Lola https://huggingface.co/docs/peft/conceptual_guides/lora
This concept guide provides a brief overview of LoRA , a technique that speeds up fine-tuning of large models while consuming less memory.
To make fine-tuning more efficient, LoRA uses a low-rank decomposition to represent weight updates in two smaller matrices (called update matrices). These new matrices can be trained to adapt to new data while keeping the total number of changes low. The original weight matrix remains frozen and will not receive any further adjustments. To produce the final result, the original and adjusted weights are combined.

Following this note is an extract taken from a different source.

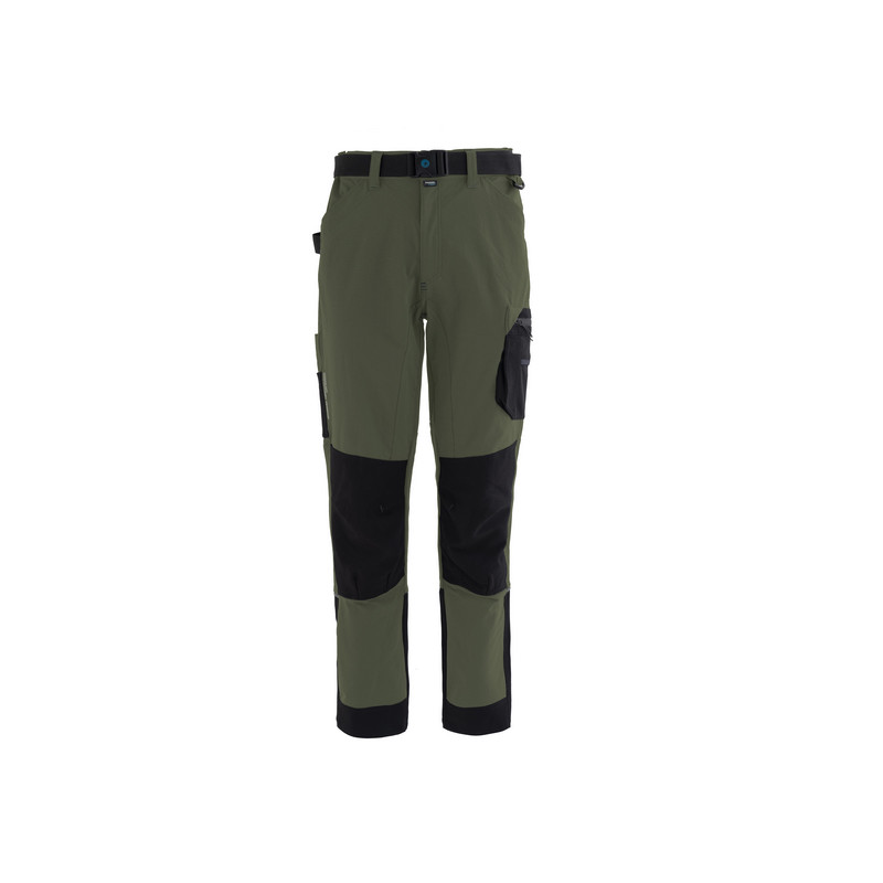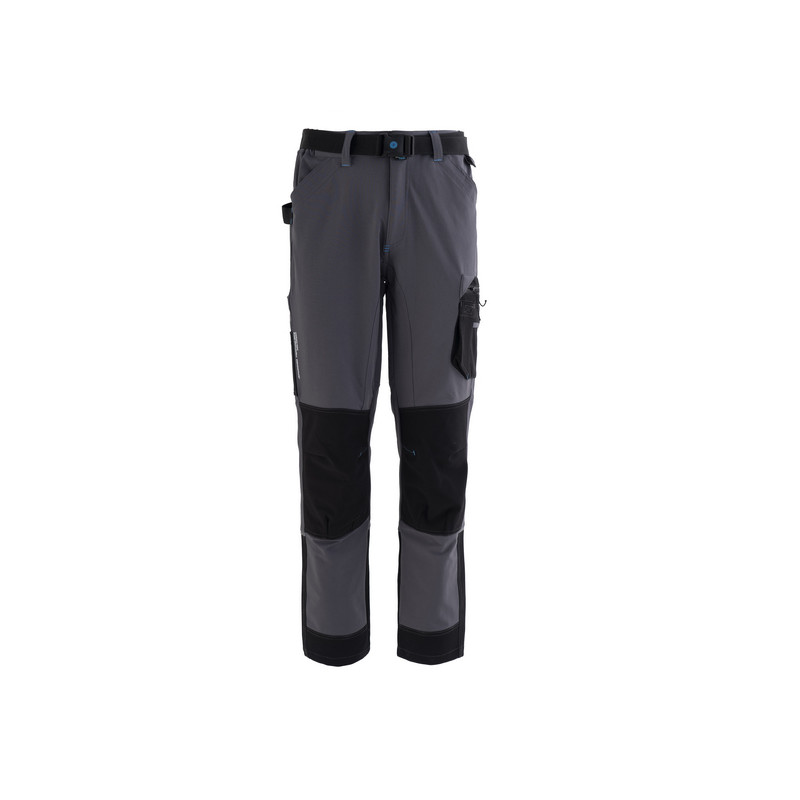 Pantalone da lavoro in tessuto stretch nelle quattro direzioni, ultraleggero e traspirante, elastici laterali in vita e passanti, inserto in rete di colore a contrasto nella zona renale. Chiusura alla patta con zip e bottone in metallo con finitura effetto rame. Pratica cintura estraibile in poliestere, regolabile con fibbia a chiusura automatica. Inserto in poliestere sul fianco destro ed anello di plastica inserito sul fianco sinistro utili per appendere accessori e strumenti. Due ampie tasche anteriori, tasca laterale porta metro applicata su gamba destra con ulteriore taschino in tessuto Ripstop, tascone laterale applicato sulla gamba sinistra chiuso con zip e con ulteriori due taschini, uno in tessuto Ripstop ed uno in mesh di poliestere. Due tasche posteriori, una a destra chiusa con aletta e velcro, una a sinistra chiusa con zip. Tessuto Ripstop sul fondo gamba con profilo rifrangente orizzontale inserito nella cucitura. Cavallo con doppio tessuto e tripla cucitura. Rinforzi di tessuto Ripstop di colore a contrasto sulle ginocchia. Travette a contrasto, pences alle ginocchia per maggior comfort.

This approach has many advantages:
- LoRA makes fine-tuning more efficient by drastically reducing the number of trainable parameters.
- The original pretrained weights remain frozen , which means you can have multiple lightweight and portable LoRA models for various downstream tasks built on top of it.

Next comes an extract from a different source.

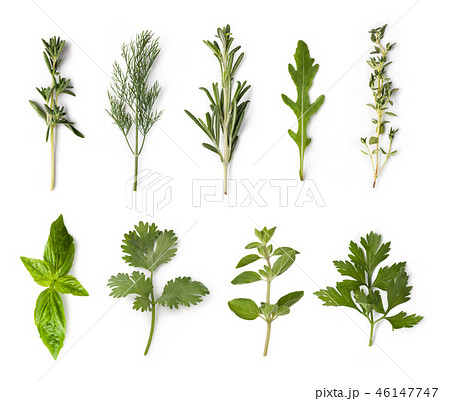 Culinary herbs set. Parsley, basil thyme, mint and oregano pack. Vector hand drawn doodle collection illustration isolated on white background.

- LoRA is orthogonal to, and can be combined with, many other parametrically valid methods. LoRA is orthogonal to many other parameter-efficient methods
- The performance of the model fine-tuned using LoRA is comparable to that of the fully fine-tuned model.
- LoRA does not add any inference latency because the adapter weights can be merged with the base model.
In principle, LoRA can be applied to any subset of the weight matrix in a neural network to reduce the number of trainable parameters. However, for simplicity and further parameter efficiency, in Transformer models, LoRA is usually only applied to the attention block. r
The number of trainable parameters in the LoRA model depends on the size of the low-rank update matrix, which is mainly determined by the rank and shape of the original weight matrix .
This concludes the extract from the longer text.